Superconducting qubits with semiconductor nanowire Josephson junctions

Superconducting transmon qubits are a promising basis for a scalable quantum information processor.\footnote{R. Barends \textit{et al.}, Nature \textbf{508}, 500-503 (2014).} The recent development of semiconducting InAs nanowires with \textit{in situ} molecular beam epitaxy-grown Al contacts presents new possibilities for building hybrid superconductor/semiconductor devices using precise bottom up fabrication techniques.\footnote{P. Krogstrup \textit{et al.}, Nature Materials, \textit{in press}.} Here, we take advantage of these high quality materials to develop superconducting qubits with superconductor-normal-superconductor Josephson junctions (JJs) where the normal element is an InAs semiconductor nanowire.
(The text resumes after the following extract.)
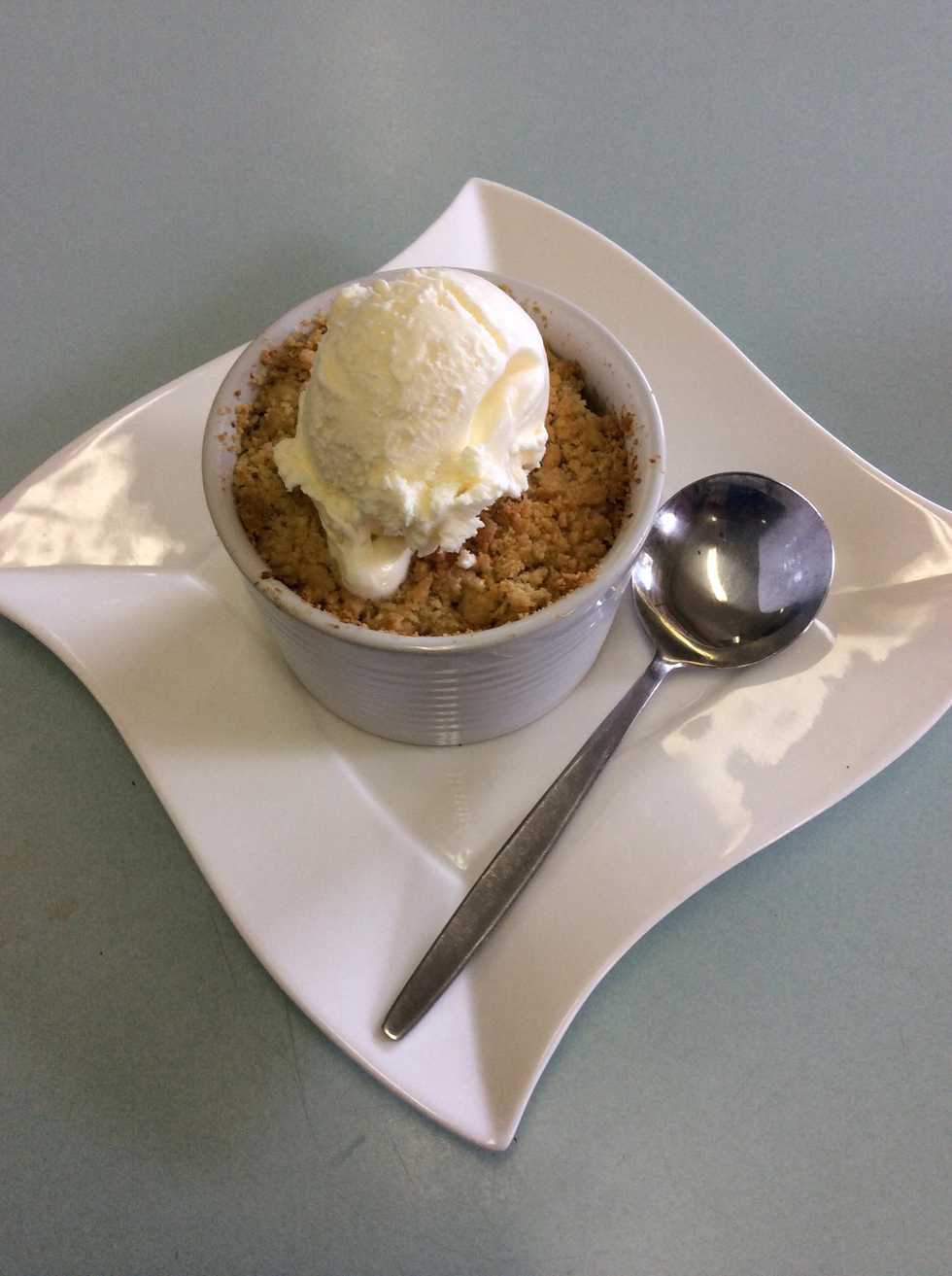 This is all the stuff you needCut the rhubarb into small pieces and cook itCook the rhubarb and apple in the saucepanCooking the rhubarb and the appleMixing the butter coconut and brown sugar with flourThis is how it looked when it was finished

We have fabricated transmon qubits in which the conventional Al-Al$_2$O$_3$-Al JJs are replaced by a single gate-tunable nanowire JJ. Using spectroscopy to probe the qubit we observe fluctuations in its level splitting with gate voltage that are consistent with universal conductance fluctuations in the nanowire's normal state conductance.\footnote{Y.-J. Doh \textit{et al.}, Science \textbf{309}, 272-275 (2005).} Our gate-tunable nanowire transmons may enable new means of control for large scale qubit architectures and hybrid topological quantum computing schemes.